Un matin, son attention était rêveuse. Ses pensées disparaissaient sous la surface. Il n’avait pas la force de les sauver de la noyade. Elles se débattaient, suffoquaient et coulaient. Aucune bouée, pas de radeau. Elles ne laissaient aucune trace de leur passage. Comme des embryons dans un tourbillon qui auraient été aspirés par le fond. Elles finissaient par échapper aux rayons du soleil. Elles rejoignaient la vase des pensées mortes qui se décomposaient dans l’ombre de l’abandon. Il supposait les regrets emportés par le courant. Il se laissait aller dans le temps comme s'il n'avait été qu'une de ces secondes que que le présent renouvelle. Il s'éloignait. Le passé n'était plus qu'un frisson dont l'origine se perdait comme une racine qui échappe au regard.

Champignon anatomique


Je me suis interrogé à propos de l'autosatisfaction et je n'ai rien trouvé à dire, pas le moindre mot. Je me suis dit que ce n'était pas plus mal. Je peux me vanter de ne pas avoir d'opinion sur tout. C'est pourtant tentant. En revanche, je me pose beaucoup de questions et ce qui est curieux, c'est que je suis en mesure de répondre à certaines d'entre elles. J'ai découvert que si l'on ne se posait pas de questions, on n'avait pas de réponse. Non que tout soit simple comme une question, mais je suis toujours fasciné par ce que nous avons en nous. C'est parfois bien enfoui, il faut forer très profond pour faire jaillir ce qui peut apparaître comme une pollution de notre tranquilité.
Pour tout vous dire, j'avais comme première intention de vous parler de l'autofellation, d'où le titre, qui est une autre forme d'autosatisfaction. Mais c'est un sujet purement masculin.

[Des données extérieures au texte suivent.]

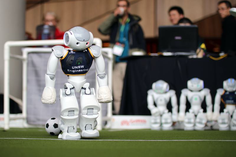 Pertandingan sepak bola robot digelar saat Konferensi Gabungan Internasional tentang Kecerdasan Buatan (International Joint Conference on Artificial Intelligence) 2017 di Melbourne, Australia, pada 22 Agustus 2017. (Carapandang/Xinhua/Gui Qing)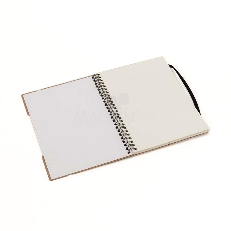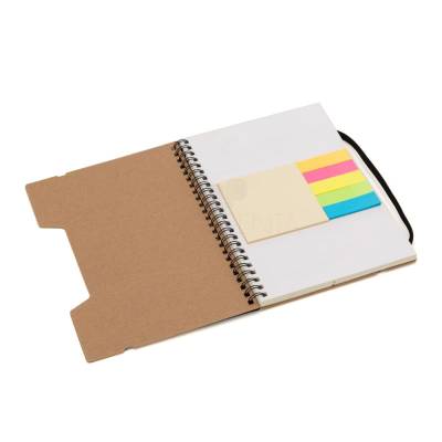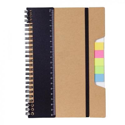 Bloco de anotações personalizado produzido com capa em papel kraft. Possui régua destacável de 20cm, Miolo de 70 folhas pautadas bege, 5 Sticky notes coloridos de 25 folhas,1 Bloco de anotações 7,5cm x 7,5cm com 25 folhas, elástico de fechamento e wireo de metal. Imagens ilustrativas.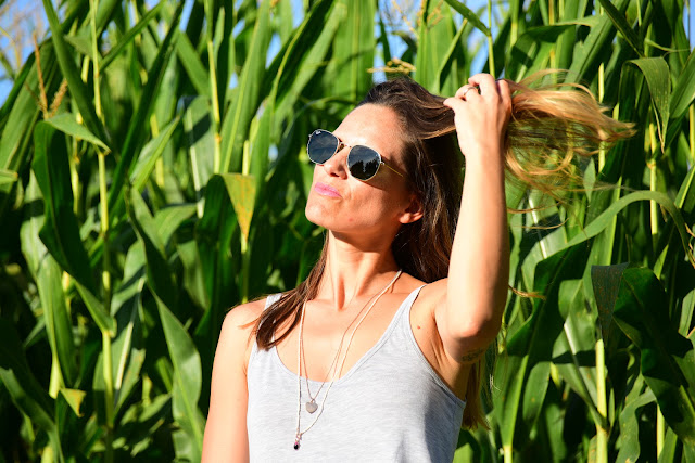 A cornfield, near to Aveiro city, was the chosen scenario for this production! An outfit, very much in line with the previous one, concerning simplicity and comfort, when the little ones in the family are still on vacation!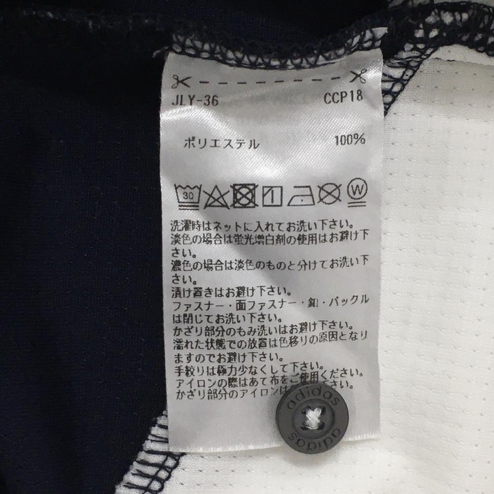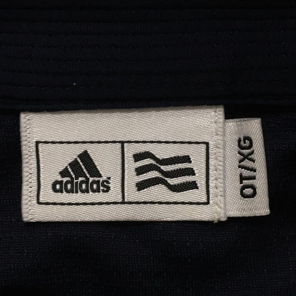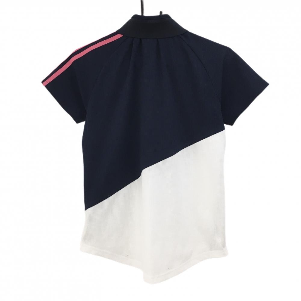 アディダス 半袖ポロシャツ ネイビー×白 メッシュ調生地 バイカラー 襟裏ボーダー レディース OT/XG ゴルフウェア adidas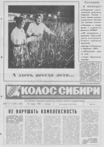 А здесь всегда лето Сегодня в номере: О Концепция эконо мической реформы Гавриила Попова с точки зрения ученых- аграрников —беседа «за круглым столом» о Рассказы о канди датах в н а родные депутаты РСФСР о 157 кандидатов в * депутаты Краснооб с к о г о поселкового С о в е т а народных депутатов о Беседа с Б. Ельциным в редакции «М Н » о « Ф е р м е р а » ждут на селе о Спорт: бронзовые призеры Лаборатория селекции мягкой яровой пшеницы АНИИЗиСа ве дет исследования по трем основ ным направлениям: создание сор тов интенсивного типа для вос точных зон края полуинтенсивно- го — для степного Алтая, а также создание сортов, устойчивых к грибковым заболеваниям Ре зультат работы ученых — сорта «вега», «алтайская-81», в государ ственном испытании находятся «алтайская-50», «алтайская-81». На снимке: младший научный сотрудник Т. Г. Горбачева и агро ном Т. А. Александровская Пролетарии всех стран, соединяйтесь! ОРГАН ПАРТКОМА, ПРЕЗИДИУМА И ОБЬЕДИНЕННОГО ПРОФКОМА СИБИРСКОГО ОТДЕЛЕНИЯ ВАСХНИЛ №№ 3 - 4 (8 3 4 -8 3 5 ) 25 января 1990 г., четверг Газета выходит два раза в месяц. Цена 4 коп. НЕ НАРУШАТЬ КОМПЛЕКСНОСТЬ В КРАСНОЯРСКОМ н и и с х СОСТОЯЛОСЬ РАБОЧЕЕ КО ОРДИНАЦИОННОЕ СОВЕЩА НИЕ ПО ИНТЕНСИВНОЙ ТЕХНОЛОГИИ ВОЗДЕЛЫВА НИЯ ПОЛЕВЫХ КУЛЬТУР В ВОСТОЧНОЙ СИБИРИ. Уже пять лет прошло с того времени, как начато освоение интенсивных технологий возде лывания полевых культур на по лях кслхсзсв и совхозов. На- коплэн производственный опыт, проводились научные исследова ния в различных почвенно-кли матических зонах. Освоение ин тенсивных технологий позволило увеличить валовые сборы зерна. Так, а Красноярском крае в среднем за 5 лет урожайность яровой пшеницы, возделываемой по интенсивной технологии, • со ставила 20,6 центнера, по зо нальной — 14,7 центнера. В среднем за эти годы получено дополнительно 470 тысяч тонн зерна пшеницы. 8 Хакасской ав тономной области урожайность пшеницы по интенсивной техно логии в 1989 году — 18,9 цент нера, по зональной — 15,9 цент нера. В СПХ «"Байкальское» Бу рятского НИИСХ на площади 600 гектаров пшеница «селен га» сформировала урожай по 39 центнеров с гектара, что на 12,5 центнера выше, чем по зональ ной технологии. ;Но отдача от интенсивной технологии пека еще невысокая. Рядом с урожайностью в 25— 30 центнеров соседствует 12— 15, а то и того меньше. Глазная причина в том, что нарушается комплексность технологических приемов, составляющих единое иэлое. Кроме того, качество зер на по-прежнему не отгечает (а большинстве лет) сильным пше ницам. В 1989 году, например. в Красноярском крае заготовле но высококачественного зерна немногим более 100 тысяч тонн .. Необходима более детальная, усовершенствованная интенсив ная технология, .включающая уборку и послеуборочную рабо ту с зернО'М. чтобы зерно на этих этапах не теряло своих сильных свойств. С этой целью и собрались не посредственные исполнители ис следований по интенсивным тех нологиям из Бурятского и Ир кутского НИИСХов. Тувинской, Хакасской, Казачинской. Бого- тольской, Солянской опытных станций в Красноярский научно- исследоеательский институт сельского хозяйства — коорди натор по Восточной Сибири. Каждый из участников рабоче го совещания доложил об итогах научных исследований в 1989 году и внес предложения по усо вершенствованию программы на будущее, рассказал, как осваи ваются интенсивные технологии,' Равноду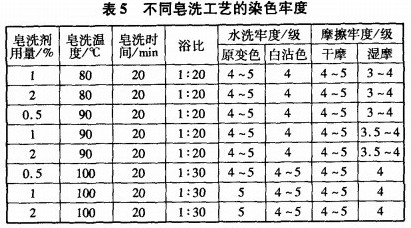表5中,通过增大皂洗剂用量,提高皂洗温度及加大浴比,色牢度可以提高0.5级,但从实际需要考虑,选择皂洗剂用量为1%~2%,温度90℃,时间20min,浴比1:20,即可达到要求。实际生产中,根据织物颜色深浅可以作适当调整。

Alors...

jeudi 5 avril 2012

Ceci dit, j'ai rien dit

Elle a déclaré que Nicolas Sarkozy avait accompli "un boulot extraordinaire en intensité, en quantité et sur un certain nombre de choses extrêmement bénéfiques pour les entreprises", mais elle a souligné qu'elle ne s'engageait "pas sur l'avenir" et qu'il ne revenait pas "à des organisations professionnelles (comme le Medef) d'être partisans". "Le Medef est une structure indépendante, je suis élue, je parle au nom des entreprises".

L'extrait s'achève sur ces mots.